I am not aware of any other proposed designs for this functionality.

# Prior art
[prior-art]: #prior-art

The `rkyv` crate defines [proxy enums] with explict `#[repr(N)]` (where N is an unsigned integer) types.

[proxy enums]: https://rkyv.org/format.html

Syntax for `discriminant_of!` is inspired by the in-progress [offset_of_enum feature][feature_offset_of_enum].

# Unresolved questions
[unresolved-questions]: #unresolved-questions

## Should we use `&mut MaybeUninit<T>` for `set_discriminant`?

There was some discussion when writing this RFC what the type of the first argument to `set_discriminant` should be:

* `&mut MaybeUninit<T>`
* `NonNull<T>`
* `*mut T`

From the perspective of "making expectations clear", I think `&mut MaybeUninit<T>` is the best choice, as it makes the requirements around alignment, exclusive access, etc. enumerated above explicit.

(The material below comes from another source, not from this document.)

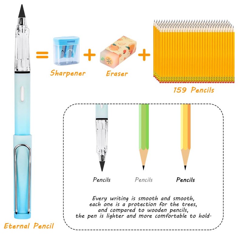- Inkless pencil set: this infinity pencil is made of graphite with clear and durable writing, which allows you to save time sharpening or adding ink and avoid the hassle of sharpening pencils. Complete your desk with this timeless pencil case in trendy gradients. This set contains not only pencils, but also erasers and replacement tips. A sufficient amount to meet your daily writing and replacement needs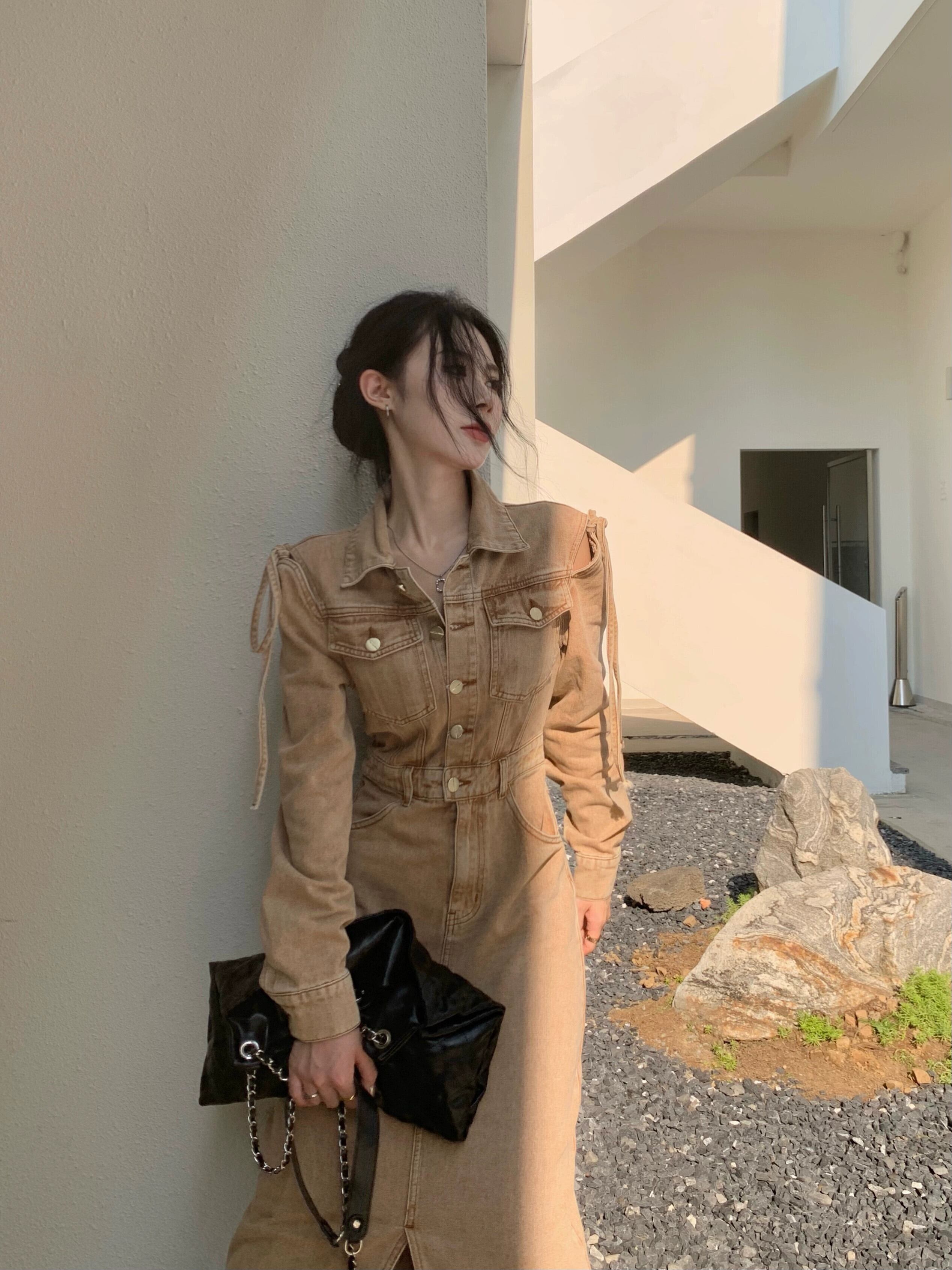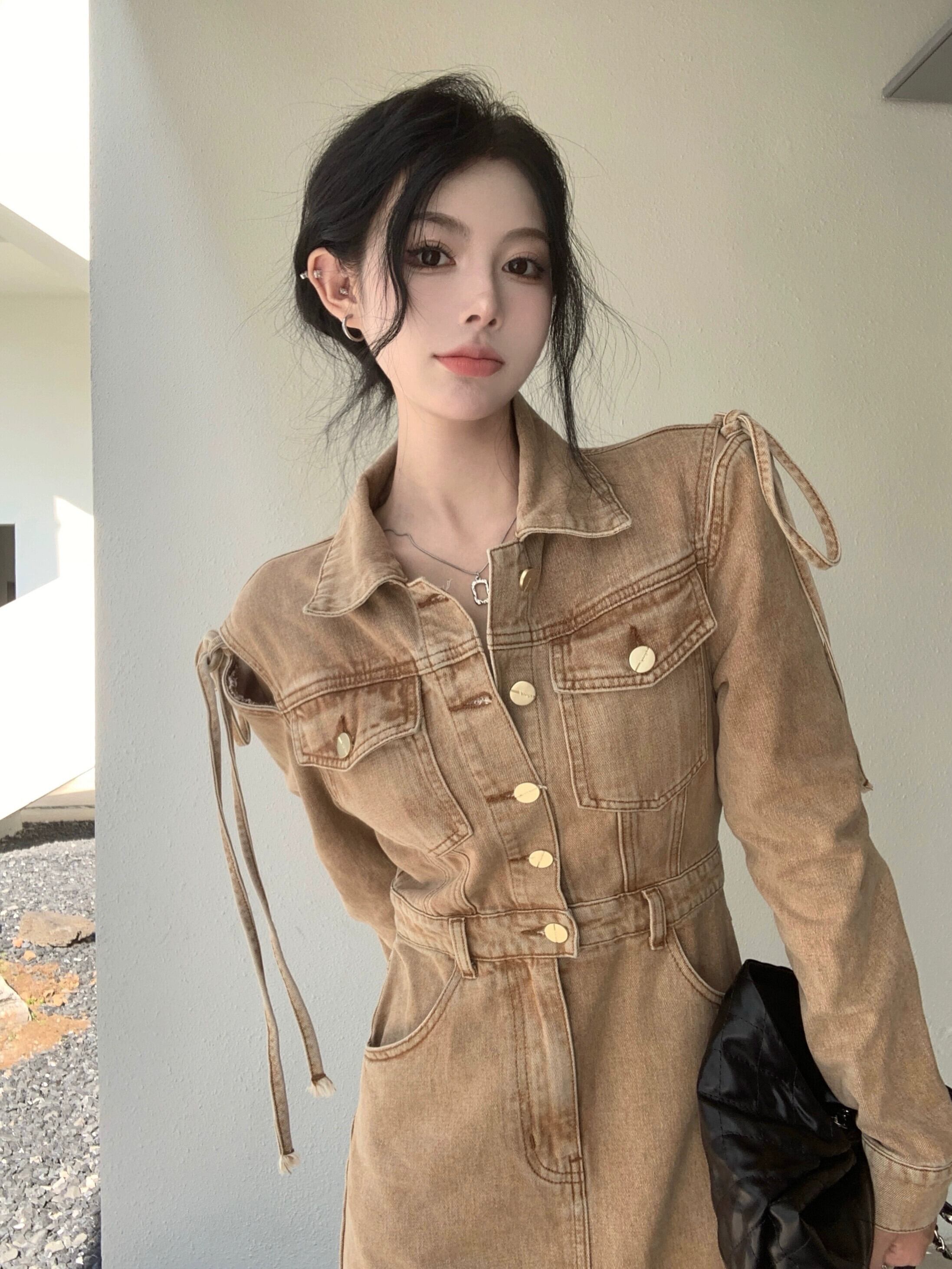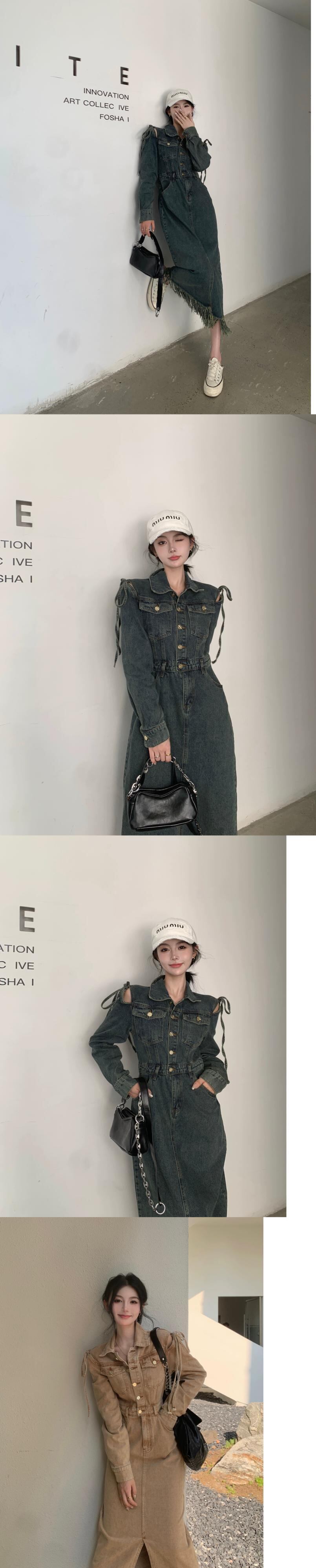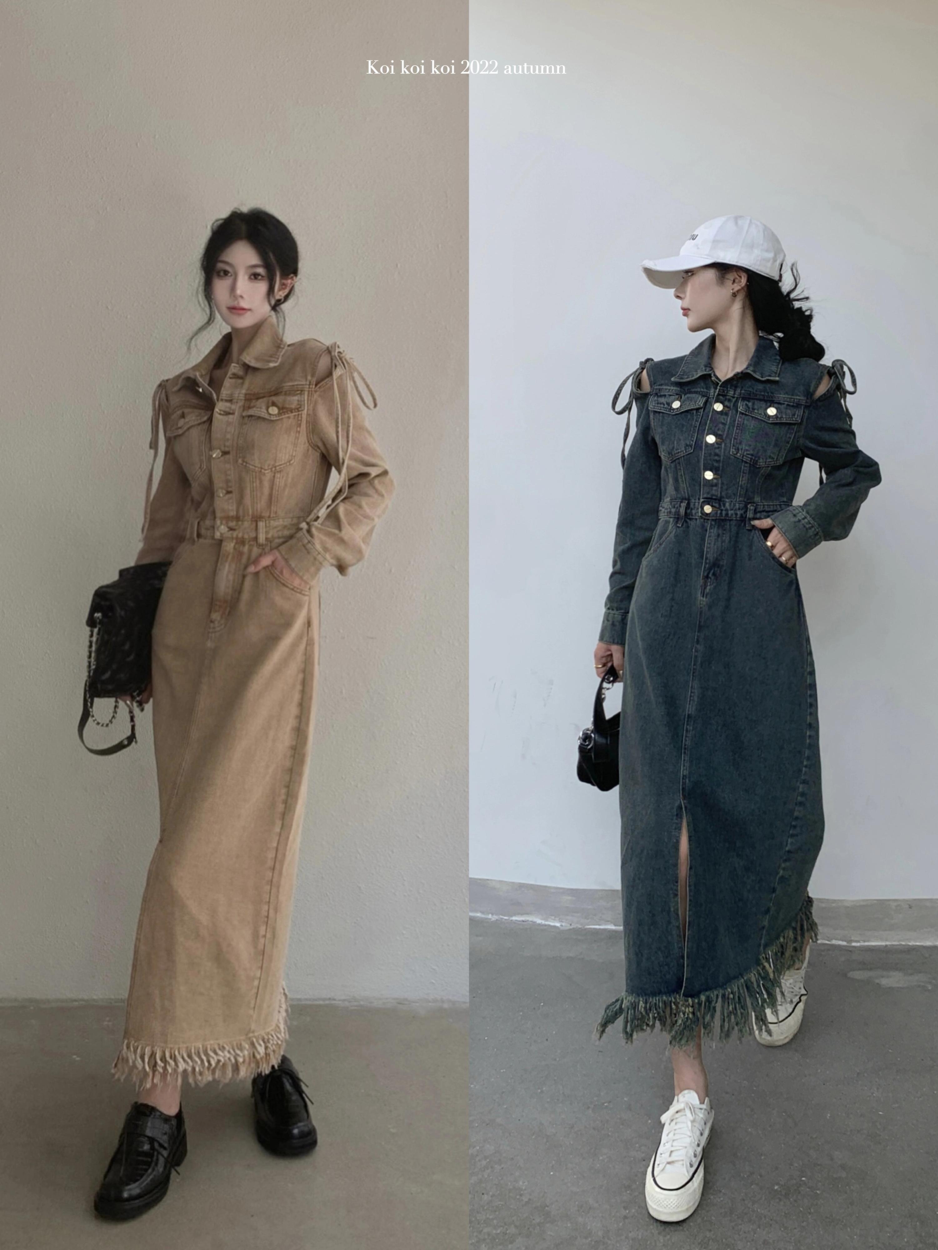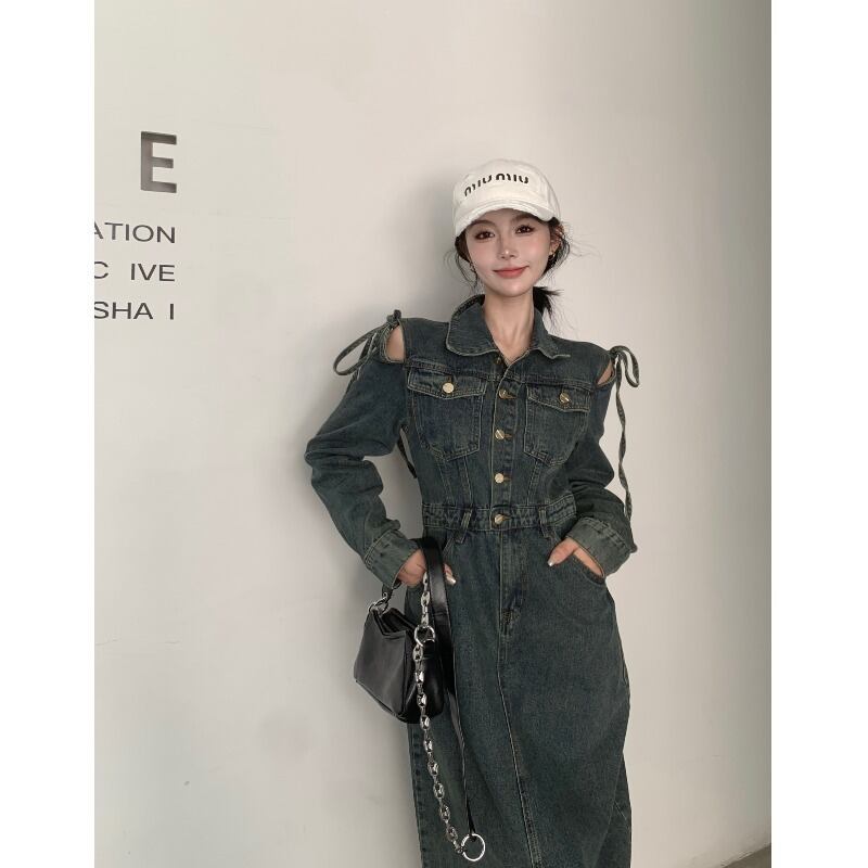 香港スタイルのレトロなストラップレスデニムドレスの女性の 2023 冬の新しいハイウエストスリムミッドレングススリットスカート ハイウェスト ウィンター 冬物 0921912382491994

However, it is possible that when constructing multiple nested types in-place, the user could be creating the pointers to the enum using `offset_of!` or `addr_of_mut!`, which would require the user to do some casting to turn their `*mut ()` (or any other `void*` analog) into a maybeuninit just to create an exclusive reference to it.

We could use a "weaker" pointer type like `NonNull<T>` or `*mut T` instead, and cover the requirements in the "SAFETY" comment blocks, rather than "inheriting" these requirements from `&mut MaybeUninit<T>`.

We could also have multiple versions of `set_discriminant`, like `set_discriminant_nonnull` or `set_discriminant_ptr` for these.

# Future possibilities
[future-possibilities]: #future-possibilities

## Should `discriminant_of!` support nested usage?

Discussed above, we said this was not allowed:

```rust
discriminant_of!(Option<Option<u32>>, Some); // Allowed
discriminant_of!(Option<Option<u32>>, Some.0.Some); // Not Allowed (yet)
```

Should we allow this in the future?

## Should we support construction of unaligned enums?

If the user is writing to a packed format, they could potentially want the ability to set the discriminant in cases where the enum discriminant or fields are not well-aligned.

This could require the creation of a `set_discriminant_unaligned` function, that relaxes the well-aligned safety requirements of the proposed `set_discriminant`.